Below, locate the line that contains "還有茶水咖啡供應!媽媽可以在這裡邊看小孩邊好好休息,終於可以優雅地喝咖啡帶小孩!". Repeat exactly from that line to the line that contains "- Отсюда вы", inclusive, leaving out the pictures.

__________

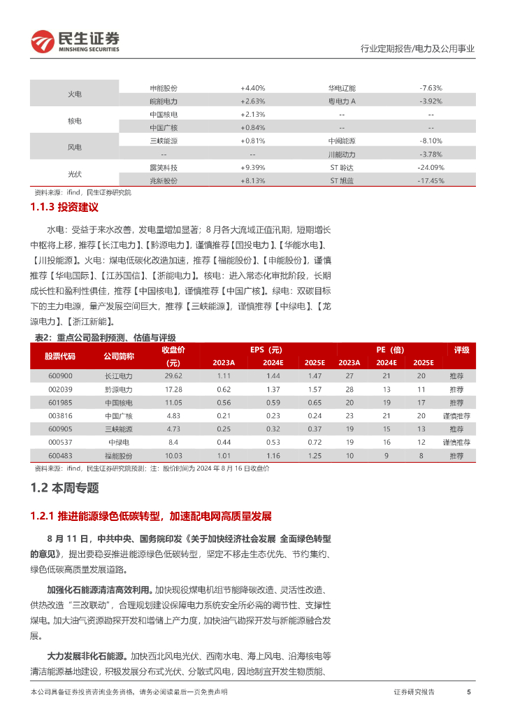 民生证券:电力及公用事业行业周报(24WK33):加速绿色转型,安徽试点新能源电力中长期交易.pdf
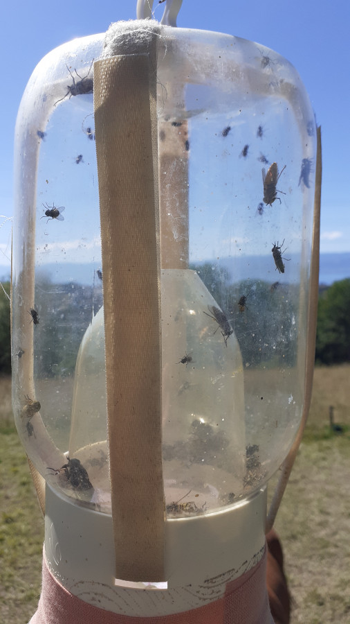 Le piege a taons est à l'ombre alors je pense qu'il y aura un peu moins de taons de piegé mais il y en a une vingtaine en 2 jours puis des petites mouches aussi...
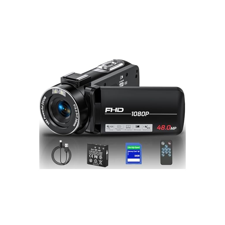 Camcorder Video Camera Full HD 1080P 48MP Camcorder 16X Digital Video Camera for YouTube, 3.0 Inch IPS Screen Vlogging Camera Recorder with Remote Control, Battery and 32GB Card
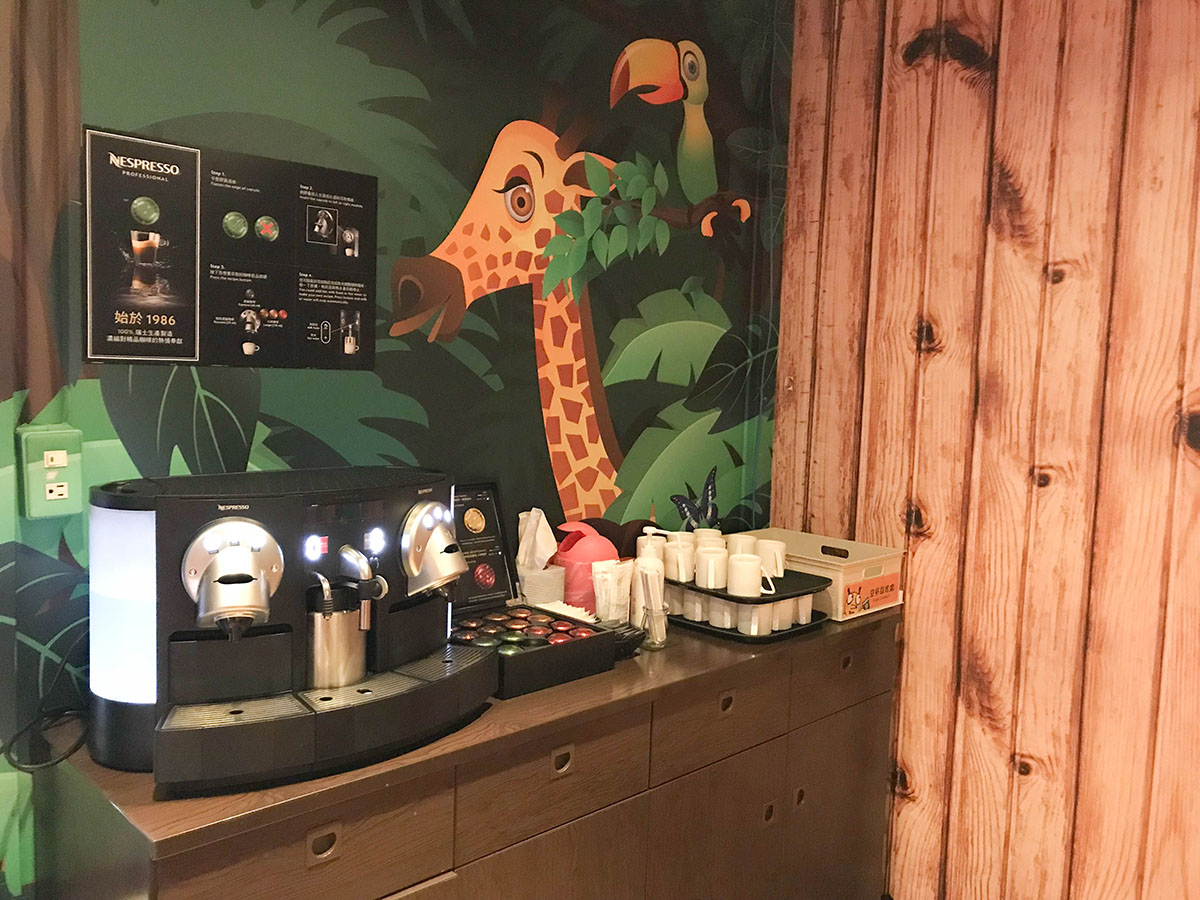還有茶水咖啡供應!媽媽可以在這裡邊看小孩邊好好休息,終於可以優雅地喝咖啡帶小孩!
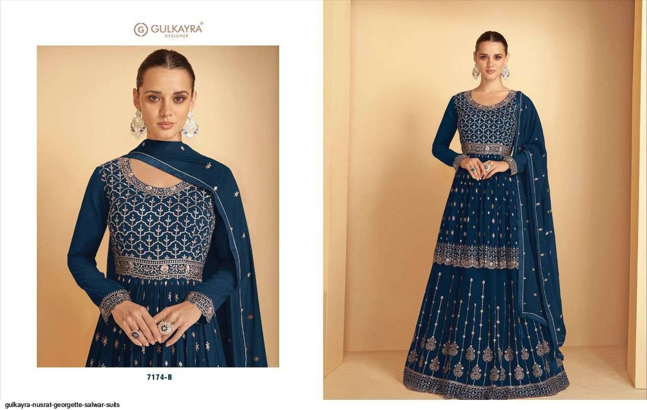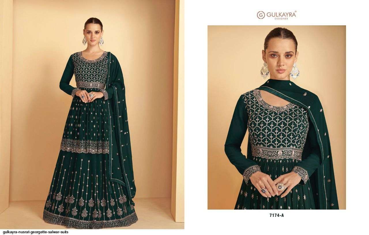 NUSRAT BY GULKAYRA DESIGNER WITH HEAVY WORK GEORGETTE SUITS ARE AVAILABLE IN SINGLES AT WHOLESALE PRICE
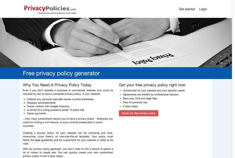 Use our privacy policy generator to create a ccpa, gdpr, and caloppa compliant.
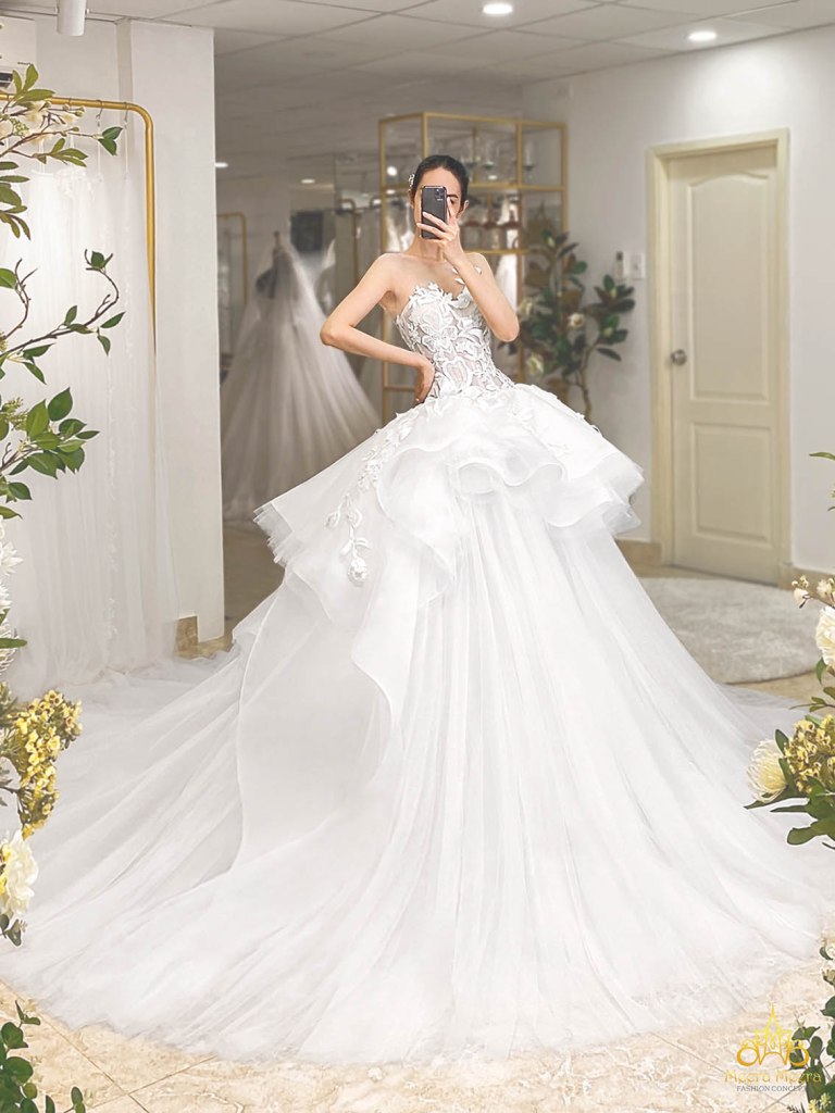 Vẻ ngoài hào nhoáng đậm chất vương giả của một nàng công chúa ngoài đời thật đã được Meera Meera truyền tải chân thực vào tác phẩm áo cưới công chúa xếp bèo tầng vô cùng ấn tượng. Mẫu thiết kế tôn dáng hoàn hảo với hệ thống corset đặt ẩn giúp siết eo nâng ngực tối đa, kết hợp đính kết trang trí tinh xảo cùng chi tiết hạ eo giúp kéo dài thân người và tạo điểm nhấn bằng thắt lưng mini tinh tế. Toàn thể khách mời sẽ không khỏi choáng ngợp trước vẻ đẹp kinh diễm của cô dâu với tùng váy xoè hoành tráng, được kiến tạo từ hàng trăm nghìn mảnh vải xếp bèo tầng vô cùng công phu và khéo léo. Một hành trình tuyệt vời tạo nên khoảnh khắc đáng giá nhất mà bất kỳ cô gái nào cũng đều ao ước.
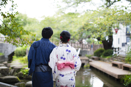 浴衣 着物 男女 カップル ポートレート 緑 屋外 外 全身 後ろ姿 手を繋ぐ 写真素材 フォトライブラリー Photolibrary
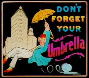 umbrella when leaving the performance.The motto's might also be seasonal, to wish you ‘A Merry Christmas’, ‘A happy New Year’ or ‘Compliments of the Season’. Also patriotic (‘God Save the Queen’) or sacred (‘God bless you) motto slides were frequently used. Particularly suited for a performance on the occasion of a birthday was ‘Many Happy Returns of the Day’.
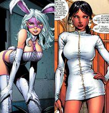吉安娜還有一個身份,那就是超級反派白兔(White Rabbit)。換做是誰誰也想不到這兩個人會是同一個人。吉安娜是美國和印度的混血兒,有著棕色的皮膚,黑色的頭髮和綠色的眼睛。白兔則是一個有著白人的皮膚、白色頭髮、粉色眼睛的女子。吉安娜沉穩冷靜,很有城府。白兔卻性格頑劣,喜歡一邊逃跑一邊嘲諷追逐者,速度之快,以至於蝙蝠俠也無法跟上她。以上這些天壤之別根本無法令人將二者聯想到一起,這偽裝甚至一度騙過了見多識廣的蝙蝠俠。
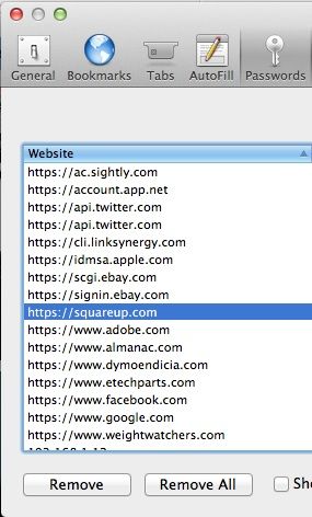 - Отсюда вы увидите список всех паролей, которые вы в настоящее время храните в Safari. Просто выберите тот, который вы хотите удалить. Чтобы выбрать несколько элементов, просто нажмите и удерживайте команда на вашей клавиатуре.
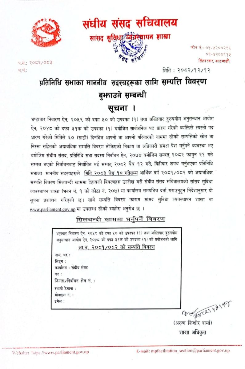 आयोगले केहीदिन अघि नै सूचना निकालेर फागुन २१ गतेको निर्वाचनबाट निर्वाचित भइ यही चैत १२ गते शपथ ग्रहण गरेका सबै सांसद्लाई आफ्नो सम्पत्ति विवरण बुझाउन अनुरोध गरेको हो ।
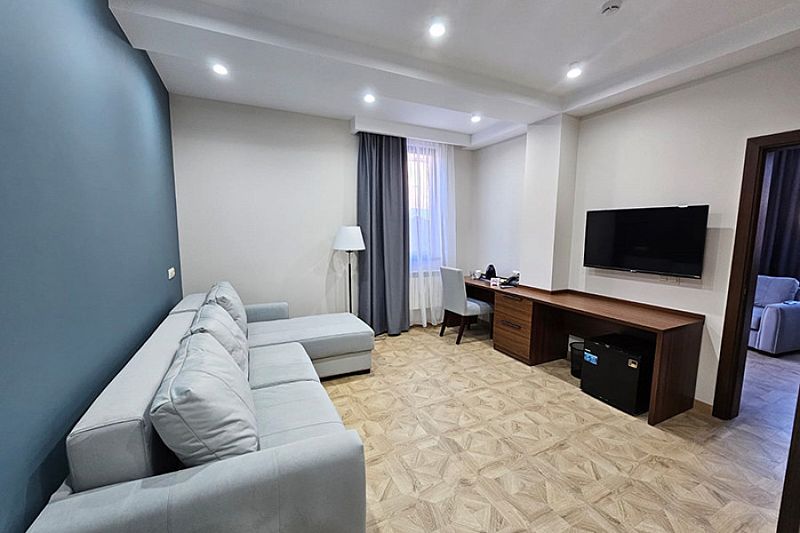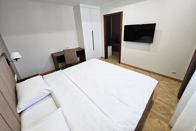 Двухкомнатный номер площадью 40-45 кв.м идеально подойдет для семейного отдыха. В номере двуспальная кровать 200*200см.
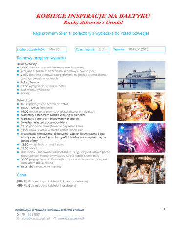 KOBIECE INSPIRACJE NA BAŁTYKU Ruch, Zdrowie i Uroda! Rejs promem Skania, połączony z wycieczką do Ystad (Szwecja) Liczba uczestników: Min 30 Czas trwania: 2 dni Termin: 10-11.04.2015 Ramowy program wyjazdu: Dzień pierwszy 20:00 zbiórka uczestników imprezy w Szczecinie przejazd autokarem na terminal promowy w Świnoujściu 21:30 odprawa biletowa, zaokrętowanie na pokład promu Skania, zakwaterowanie w kabinach Pokaz Zumby 23:00 wypłynięcie promu w morze czas wolny, dyskoteka nocleg Dzień drugi 06:30 przypłynięcie promu do Ystad 08:00 – 09:00 śniadanie 09:00 opuszczenie promu, przejazd autokarem do Ystad Warsztaty z trenerem Nordic Walking w plenerze Warsztaty z trenerem biegowym w plenerze Zwiedzanie Ystad z przewodnikiem 12:30 ponowne zaokrętowanie na prom Skania 13:00 kawa i ciastko w strefie kobiet Skania Bar Prezentacje tematyczne: dietetyczka, zabiegi kosmetyczne i Spa, wizażystka, stylista fryzur, fotograf (dokładny opis znajduje się na końcu oferty) 13:30 wypłynięcie promu z Ystad 15:00 obiad czas wolny – możliwość skorzystania z usług i indywidulanych porad tematycznych Partnerów wyjazdu (strefa kobiet Skania Bar) 20:00 przypłynięcie do Świnoujścia, opuszczenie promu, przejazd autokarem do Szczecina ok. 21:30 zakończenie imprezy Cena 390 PLN za osobę w kabinie 2, 3 lub 4 osobowej 490 PLN za osobę w kabinie 1 osobowej INFORMACJA I REZERWACJA: RUCHOWA AKADEMIA ZDROWIA 791 961 537 [email protected] www.raz.szczecin.pl 1 KOBIECE INSPIRACJE NA BAŁTYKU Ruch, Zdrowie i Uroda! Cena zawiera: Przejazd promem Skania na trasie Świnoujście – Ystad – Świnoujście Miejsce w kabinie w trakcie trwania rejsu nocnego i dziennego Śniadanie na trasie Ystad – Świnoujście – bufet z napojami Obiad na trasie Ystad – Świnoujście – bufet z napojami Transport autokarowy na trasie Szczecin-Świnoujście-Szczecin Zwiedzanie Ystad z przewodnikiem Pokazy, warsztaty i konsultacje Partnerów rejsu Dodatek paliwowy Dodatek ekologiczny Ubezpieczenie NNW, KL Uwagi Termin ważności oferty: 10-11.04.2015 Dla pierwszych 10 osób, które dokonają rezerwacji – 5% rabatu. Każda z uczestniczek wyjazdu otrzyma specjalne oferty z rabatami na skorzystanie z usług wybranych Partnerów (np. 10% rabatu na ofertę wycieczek autokarowych do Skandynawii Unity Travel, 30% rabatu na wybrany zabieg kosmetyczny oraz masaż do wykorzystania w Baltica Wellness & Spa, itp). PARTNERZY IMPREZY: INFORMACJA I REZERWACJA: RUCHOWA AKADEMIA ZDROWIA 791 961 537 [email protected] www.raz.szczecin.pl 2 KOBIECE INSPIRACJE NA BAŁTYKU Ruch, Zdrowie i Uroda! PREZENTACJA USŁUG: 1. BALTICA WELLNESS & SPA - Centrum Zdrowia i Urody Konsultacja kosmetyczna twarzy, diagnoza skóry oraz ułożenie indywidualnego programu pielęgnacyjnego. Możliwość skorzystania z masażu kosmetycznego twarzy (do wyboru: odżywczy, ujędrniający, oczyszczający). 2. KATARZYNA JANIK – wizażystka i ekspert ds. pielęgnacji Estee Lauder/La Mer „Jak pięknie być sobą na co dzień” – omówienie zasad prostego i efektywnego makijażu, triki makijażowe, rodzaje makijaży, trendy w wizażu, makijaż a typy urody, itp. Dla wybranych zostanie zaprezentowany i personalnie dobrany makijaż. 3. SEBASTIAN WOŁOSZ – fotograf, fotoreporter Portret i sesja zdjęciowa to niezwykle intymne formy fotografii. Swobodny sposób bycia przed obiektywem dla wielu wydaje się wymagającym zadaniem, również w codziennych sytuacjach. Spotkanie z profesjonalnym fotografem pomoże poczuć się pewnie i sprawi, że każda kobieta będzie bohaterką wyjątkowej fotografii. 4. MICHAŁ MYC – stylista fryzjer studia technicznego i marki KEUNE Doświadczony stylista fryzur przedstawi zestaw produktów do włosów, które każda kobieta powinna mieć. Omówi również typy urody z uwzględnieniem analizy kolorystycznej i ich właściwego doboru. Zaprezentuje także trendów na wiosnę i lato 2015 w oparciu o kolekcję Keune. 5. ZUMBA - Fitness World Pokaz Zumby w wykonaniu trenerek współpracujących z Fitness World Radisson Blu Hotel Szczecin. Zumba jest połączeniem tańca i fitnessu, a przede wszystkim świetnej zabawy. Jest to forma ruchu dla każdego, bez względu na wiek, płeć, kondycję fizyczną czy umiejętności taneczne . 6. ROBERT SZYCH – trener biegowy Założyciel Ruchowej Akademii Zdrowia w Szczecinie. Trener w biegach średnio i długo dystansowych, organizator wielu imprez sportowych w tym corocznego szczecińskiego „Alkala Bieg Kobiet”, odpowie m.in. na pytania po co biegać, jak zacząć i czy bieganie wspomaga odchudzanie. 7. ELŻBIETA REINHOLZ – instruktor Nordic Walking Od 2005 związana z Nordic Walking przedstawi jego genezę i udzieli porad dotyczących prawidłowej techniki marszu, doboru odpowiednich kijków, przygotowania do zajęć oraz najważniejsze korzyści wynikające z uprawiania Nordic Walking. 8. MAŁGORZATA SZCZUKO – dietetyk „Jesteś tym co jesz” – strategia żywienia, rola pożywienia jako paliwa dla naszego organizmu, dieta dla mniej lub bardziej aktywnych. To tematy, które zostaną omówione przez doświadczoną dietetyczkę, która oprócz porad jest również na co dzień wykładowcą akademickim Pomorskiego Uniwersytetu Medycznego w Szczecinie. INFORMACJA I REZERWACJA: RUCHOWA AKADEMIA ZDROWIA 791 961 537 [email protected] www.raz.szczecin.pl 3

__________

Answer to the problem:
還有茶水咖啡供應!媽媽可以在這裡邊看小孩邊好好休息,終於可以優雅地喝咖啡帶小孩!
 NUSRAT BY GULKAYRA DESIGNER WITH HEAVY WORK GEORGETTE SUITS ARE AVAILABLE IN SINGLES AT WHOLESALE PRICE
 Use our privacy policy generator to create a ccpa, gdpr, and caloppa compliant.
 Vẻ ngoài hào nhoáng đậm chất vương giả của một nàng công chúa ngoài đời thật đã được Meera Meera truyền tải chân thực vào tác phẩm áo cưới công chúa xếp bèo tầng vô cùng ấn tượng. Mẫu thiết kế tôn dáng hoàn hảo với hệ thống corset đặt ẩn giúp siết eo nâng ngực tối đa, kết hợp đính kết trang trí tinh xảo cùng chi tiết hạ eo giúp kéo dài thân người và tạo điểm nhấn bằng thắt lưng mini tinh tế. Toàn thể khách mời sẽ không khỏi choáng ngợp trước vẻ đẹp kinh diễm của cô dâu với tùng váy xoè hoành tráng, được kiến tạo từ hàng trăm nghìn mảnh vải xếp bèo tầng vô cùng công phu và khéo léo. Một hành trình tuyệt vời tạo nên khoảnh khắc đáng giá nhất mà bất kỳ cô gái nào cũng đều ao ước.
 浴衣 着物 男女 カップル ポートレート 緑 屋外 外 全身 後ろ姿 手を繋ぐ 写真素材 フォトライブラリー Photolibrary
 umbrella when leaving the performance.The motto's might also be seasonal, to wish you ‘A Merry Christmas’, ‘A happy New Year’ or ‘Compliments of the Season’. Also patriotic (‘God Save the Queen’) or sacred (‘God bless you) motto slides were frequently used. Particularly suited for a performance on the occasion of a birthday was ‘Many Happy Returns of the Day’.
吉安娜還有一個身份,那就是超級反派白兔(White Rabbit)。換做是誰誰也想不到這兩個人會是同一個人。吉安娜是美國和印度的混血兒,有著棕色的皮膚,黑色的頭髮和綠色的眼睛。白兔則是一個有著白人的皮膚、白色頭髮、粉色眼睛的女子。吉安娜沉穩冷靜,很有城府。白兔卻性格頑劣,喜歡一邊逃跑一邊嘲諷追逐者,速度之快,以至於蝙蝠俠也無法跟上她。以上這些天壤之別根本無法令人將二者聯想到一起,這偽裝甚至一度騙過了見多識廣的蝙蝠俠。
 - Отсюда вы увидите список всех паролей, которые вы в настоящее время храните в Safari. Просто выберите тот, который вы хотите удалить. Чтобы выбрать несколько элементов, просто нажмите и удерживайте команда на вашей клавиатуре.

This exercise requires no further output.